Zygo / bees

Best-Effort Extent-Same, a btrfs dedupe agent
GNU General Public License v3.0
661 stars 55 forks source link

Should BEESHOME beeshash.dat become a file with noCOW attribute #214

Closed tkuschel closed 2 years ago

tkuschel commented 2 years ago

I have seen, that the beeshash.dat file within the .beeshome directory is written extremly often. Does it make sence to unset the copy-on-write (COW) in btrfs wit the C attribute, using "chattr +C". Isn't it using small random writes and built-in COW would generate defragmentation? Maybe the whole subdirectory BEESHOME?

kakra commented 2 years ago

As far as I know, bees uses optimized patterns to keep fragmentation low and also allow compression.

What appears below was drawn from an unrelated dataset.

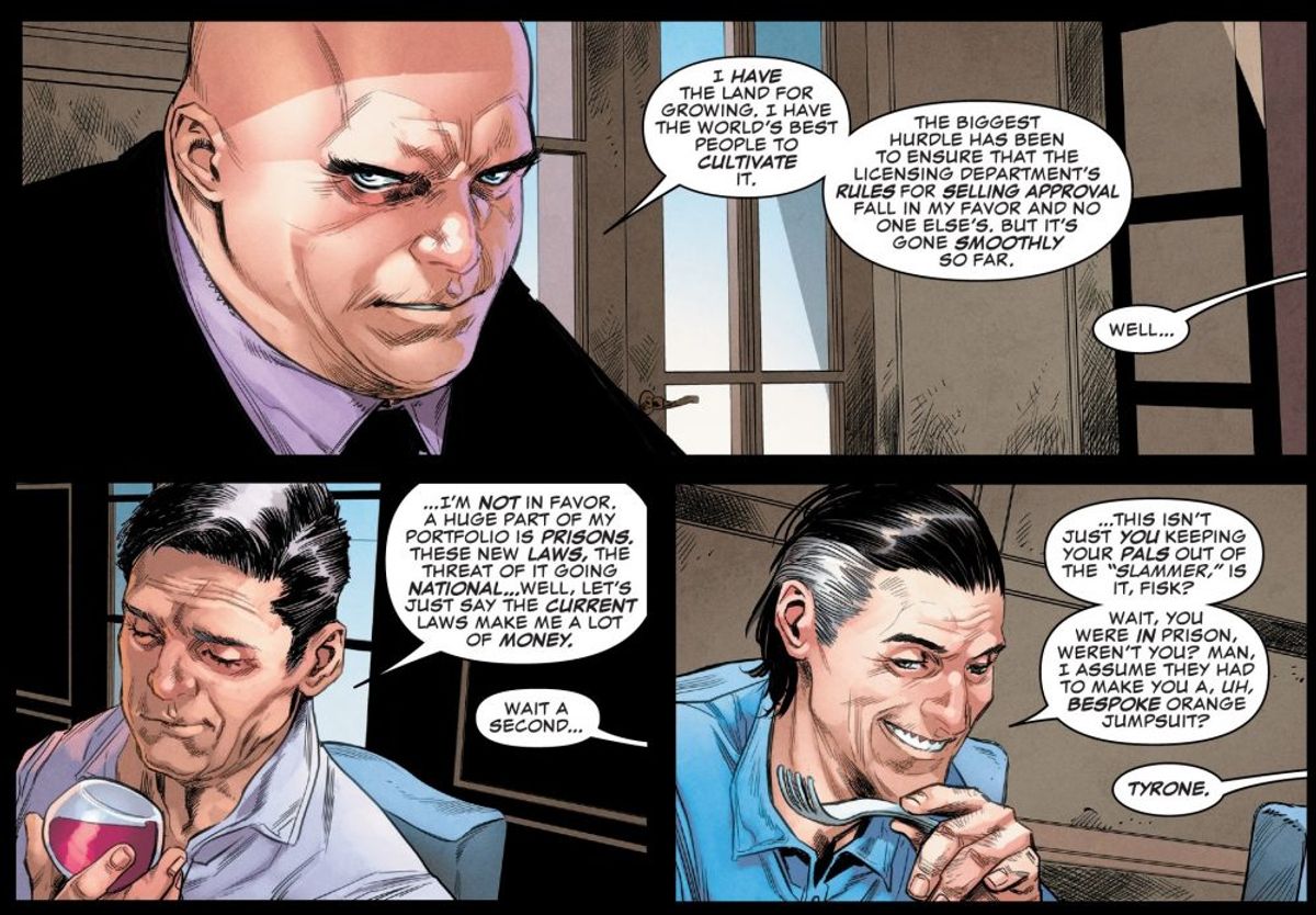 Nel numero #12 della serie dedicata a Daredevil, WIlson Fisk ha dichiarato di voler legalizzare la marijuana... ma non si tratta di una svolta liberal

It was designed to write to this file in cow mode.

Zygo commented 2 years ago

The hash table has to handle tens of thousands of updates per second, so it couldn't use a typical page-oriented database as those would be orders of magnitude too slow. beeshash.dat is a memory dump throttled to a slow rate to avoid flooding the disk with writes. The hash data is written sequentially, and the write size is optimized for writeback and compression.

Every few hours the entire table will be rewritten, which is similar to the effect of btrfs fi defrag, so you don't need to run that either.

If you enable nodatacow unnecessarily, you lose the ability to detect and recover from data corruption on the underlying disks. nodatacow should only be used as a last resort after considering all other alternatives, including using a different filesystem.

tkuschel commented 2 years ago

Thank you for the good and clear answer. All uncertainties buried. - Great tool, keep it up!